GIVEN INFORMATION -
BEGIN

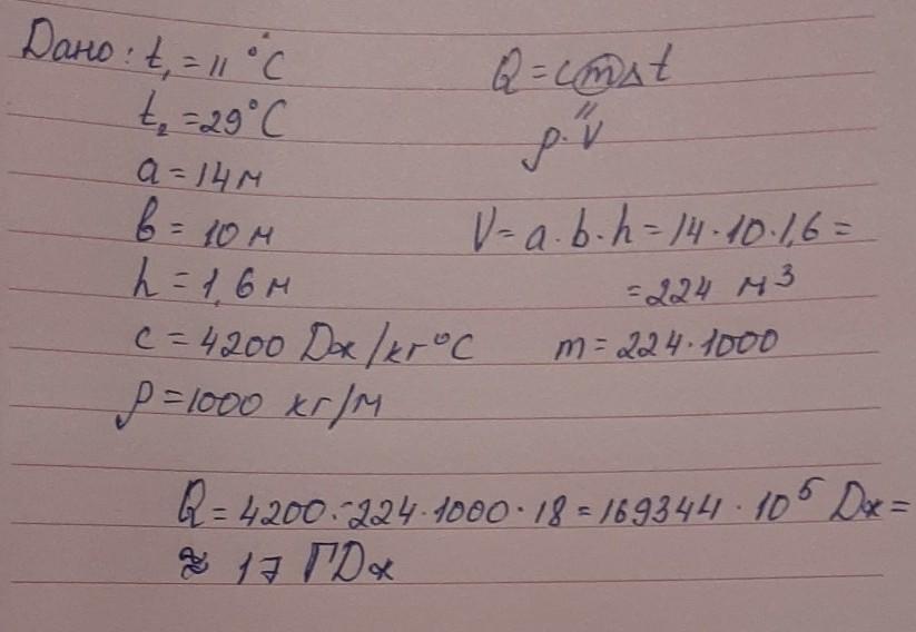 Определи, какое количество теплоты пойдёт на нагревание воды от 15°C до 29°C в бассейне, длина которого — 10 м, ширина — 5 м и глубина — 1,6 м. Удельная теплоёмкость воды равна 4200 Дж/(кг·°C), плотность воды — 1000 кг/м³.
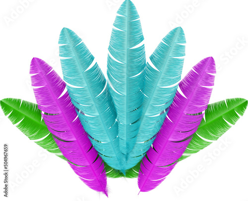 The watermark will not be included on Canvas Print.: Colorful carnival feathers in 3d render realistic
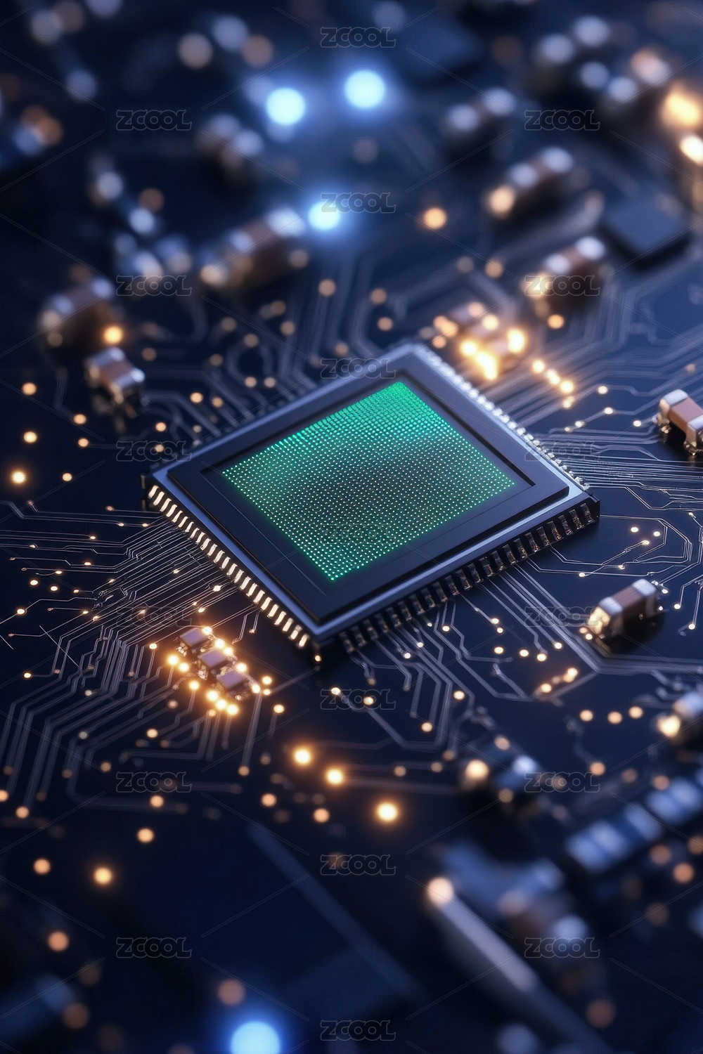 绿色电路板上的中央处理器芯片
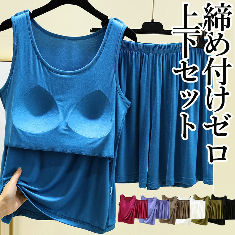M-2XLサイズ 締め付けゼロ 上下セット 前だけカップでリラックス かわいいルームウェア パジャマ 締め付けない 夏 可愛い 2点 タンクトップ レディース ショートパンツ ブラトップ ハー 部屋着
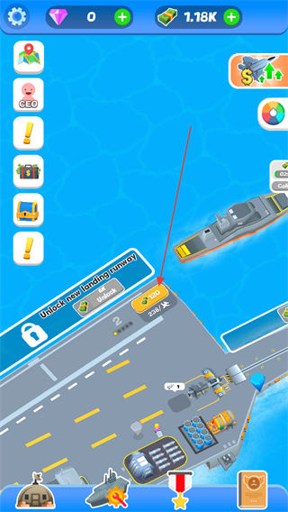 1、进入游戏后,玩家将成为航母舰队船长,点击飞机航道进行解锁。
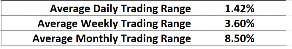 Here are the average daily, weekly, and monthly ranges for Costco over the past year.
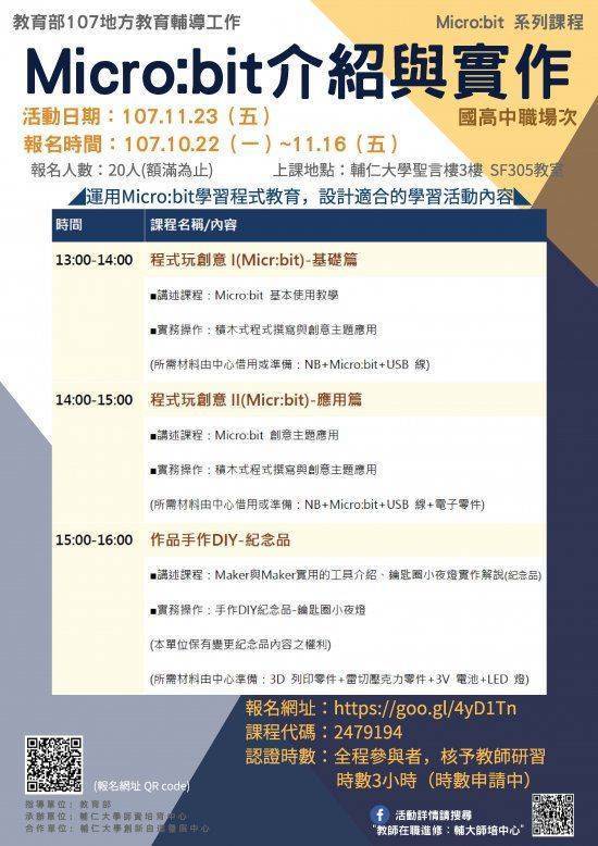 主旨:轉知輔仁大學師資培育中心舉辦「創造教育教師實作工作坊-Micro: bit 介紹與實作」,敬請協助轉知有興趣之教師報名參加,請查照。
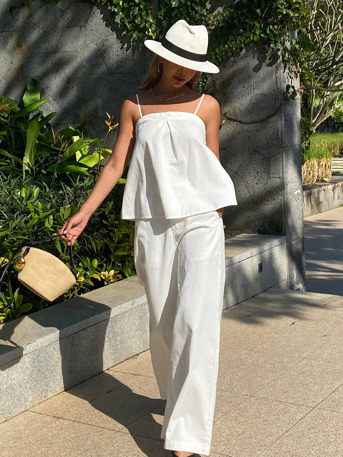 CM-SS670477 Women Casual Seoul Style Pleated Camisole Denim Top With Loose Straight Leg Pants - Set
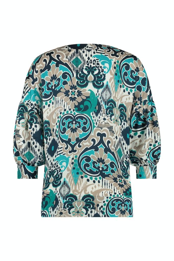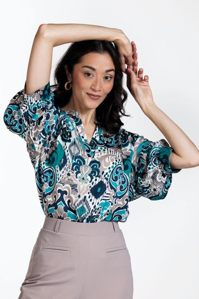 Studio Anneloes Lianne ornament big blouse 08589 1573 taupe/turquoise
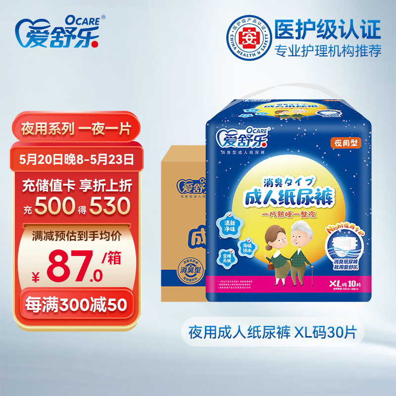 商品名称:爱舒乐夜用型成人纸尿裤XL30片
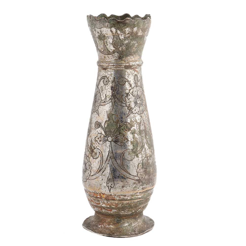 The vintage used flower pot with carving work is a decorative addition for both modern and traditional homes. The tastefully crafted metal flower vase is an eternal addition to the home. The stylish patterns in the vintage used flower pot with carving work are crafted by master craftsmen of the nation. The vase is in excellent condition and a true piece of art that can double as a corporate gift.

END
BEGIN

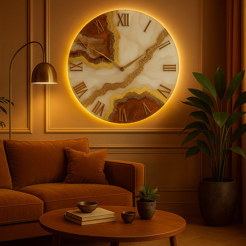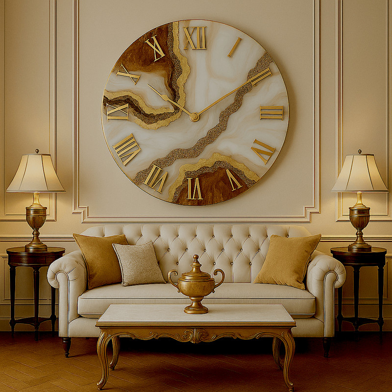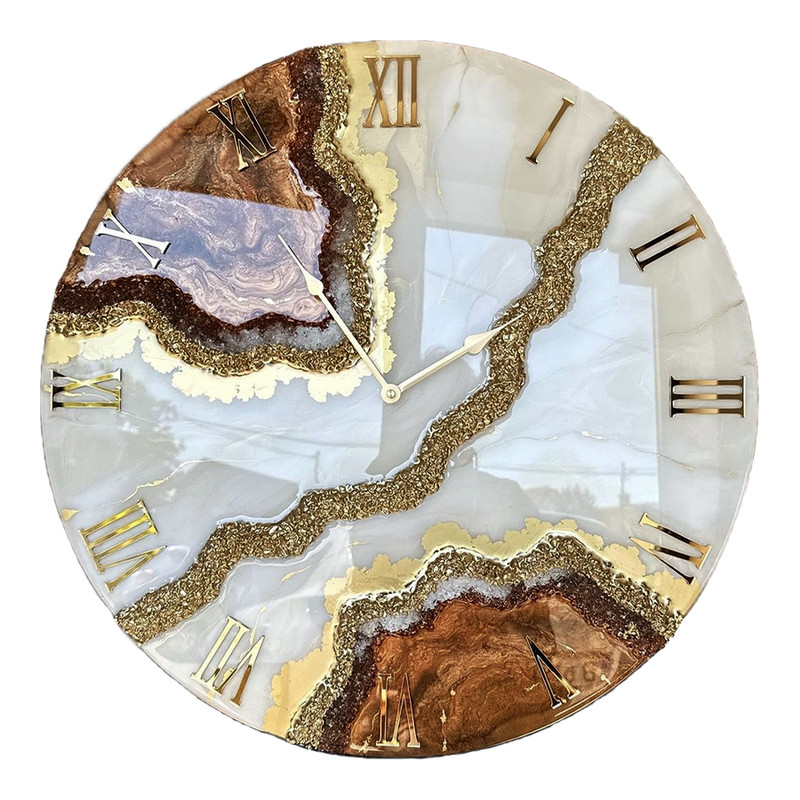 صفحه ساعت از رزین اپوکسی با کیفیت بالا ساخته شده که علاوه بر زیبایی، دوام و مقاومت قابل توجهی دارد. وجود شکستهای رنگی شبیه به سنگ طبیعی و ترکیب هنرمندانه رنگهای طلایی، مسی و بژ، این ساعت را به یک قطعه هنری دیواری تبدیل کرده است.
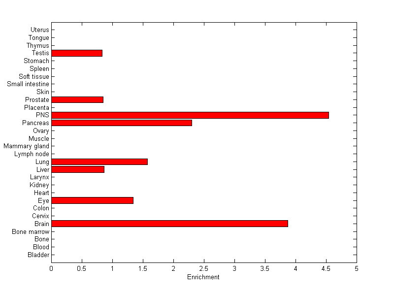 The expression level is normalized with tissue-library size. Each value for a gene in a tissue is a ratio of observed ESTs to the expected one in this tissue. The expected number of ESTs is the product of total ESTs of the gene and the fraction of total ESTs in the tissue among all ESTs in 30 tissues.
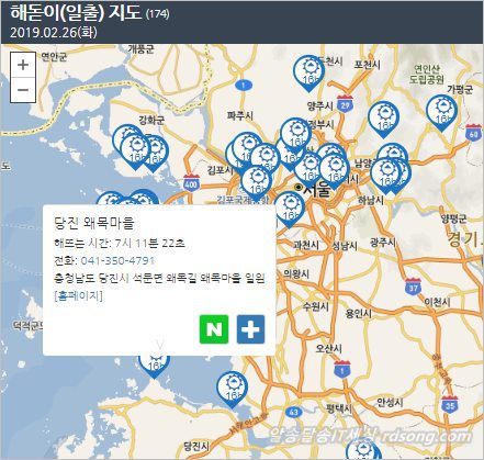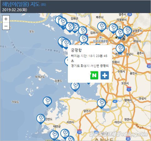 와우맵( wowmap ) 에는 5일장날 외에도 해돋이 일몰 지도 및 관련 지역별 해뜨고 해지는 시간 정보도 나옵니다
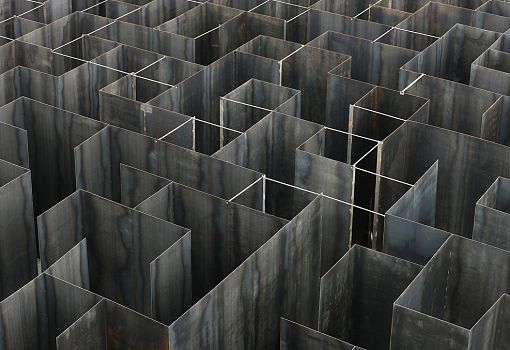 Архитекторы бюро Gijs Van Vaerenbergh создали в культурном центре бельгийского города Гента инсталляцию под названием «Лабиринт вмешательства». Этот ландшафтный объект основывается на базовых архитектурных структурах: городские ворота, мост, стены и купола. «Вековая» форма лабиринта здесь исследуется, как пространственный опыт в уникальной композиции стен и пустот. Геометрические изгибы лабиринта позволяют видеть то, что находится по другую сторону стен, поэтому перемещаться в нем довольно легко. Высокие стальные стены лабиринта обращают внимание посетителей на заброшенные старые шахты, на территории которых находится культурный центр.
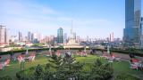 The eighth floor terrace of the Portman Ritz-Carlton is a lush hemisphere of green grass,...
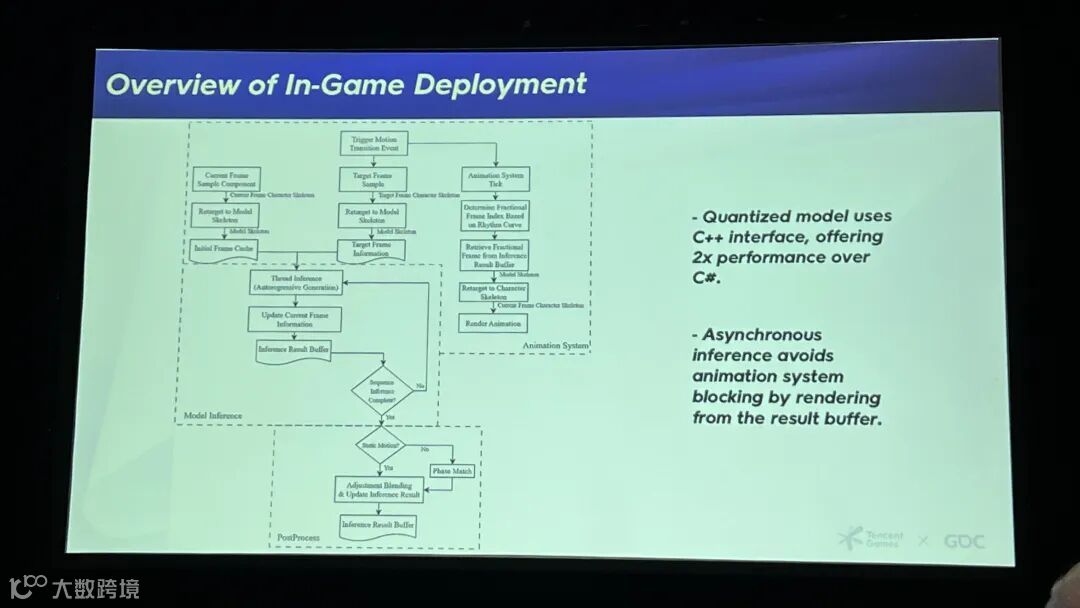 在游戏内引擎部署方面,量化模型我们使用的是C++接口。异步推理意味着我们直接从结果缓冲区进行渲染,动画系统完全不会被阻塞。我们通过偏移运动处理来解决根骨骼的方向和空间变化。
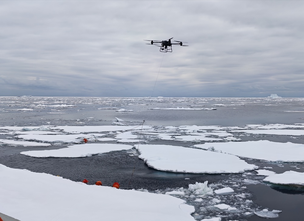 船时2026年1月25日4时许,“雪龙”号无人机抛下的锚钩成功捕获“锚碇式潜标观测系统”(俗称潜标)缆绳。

END
BEGIN

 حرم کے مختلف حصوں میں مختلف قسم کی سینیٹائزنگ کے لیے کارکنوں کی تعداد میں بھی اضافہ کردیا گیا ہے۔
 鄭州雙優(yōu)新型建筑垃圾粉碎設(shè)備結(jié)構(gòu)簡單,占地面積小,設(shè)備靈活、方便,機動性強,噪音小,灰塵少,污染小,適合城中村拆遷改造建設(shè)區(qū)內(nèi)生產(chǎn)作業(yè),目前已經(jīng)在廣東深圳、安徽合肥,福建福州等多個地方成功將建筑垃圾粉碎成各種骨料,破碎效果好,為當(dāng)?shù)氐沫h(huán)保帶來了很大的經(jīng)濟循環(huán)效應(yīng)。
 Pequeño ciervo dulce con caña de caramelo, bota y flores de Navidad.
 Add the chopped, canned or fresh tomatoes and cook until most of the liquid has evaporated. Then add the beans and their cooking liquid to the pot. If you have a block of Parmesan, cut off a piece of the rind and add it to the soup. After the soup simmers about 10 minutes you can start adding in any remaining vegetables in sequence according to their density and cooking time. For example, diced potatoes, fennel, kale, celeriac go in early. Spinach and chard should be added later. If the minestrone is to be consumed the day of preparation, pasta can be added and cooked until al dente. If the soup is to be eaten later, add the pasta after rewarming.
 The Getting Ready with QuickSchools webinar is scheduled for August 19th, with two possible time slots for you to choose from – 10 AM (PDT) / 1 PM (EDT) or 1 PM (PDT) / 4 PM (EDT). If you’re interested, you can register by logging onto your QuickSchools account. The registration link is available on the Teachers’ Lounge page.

END

WHAT TO WORK ON -
Starting at the line that contains "在游戏内引擎部署方面,量化模" and ending at the line that contains "船时2026年1月25日4时", transcribe the material above exactly, excluding pictures.

RESULT -
 在游戏内引擎部署方面,量化模型我们使用的是C++接口。异步推理意味着我们直接从结果缓冲区进行渲染,动画系统完全不会被阻塞。我们通过偏移运动处理来解决根骨骼的方向和空间变化。
 船时2026年1月25日4时许,“雪龙”号无人机抛下的锚钩成功捕获“锚碇式潜标观测系统”(俗称潜标)缆绳。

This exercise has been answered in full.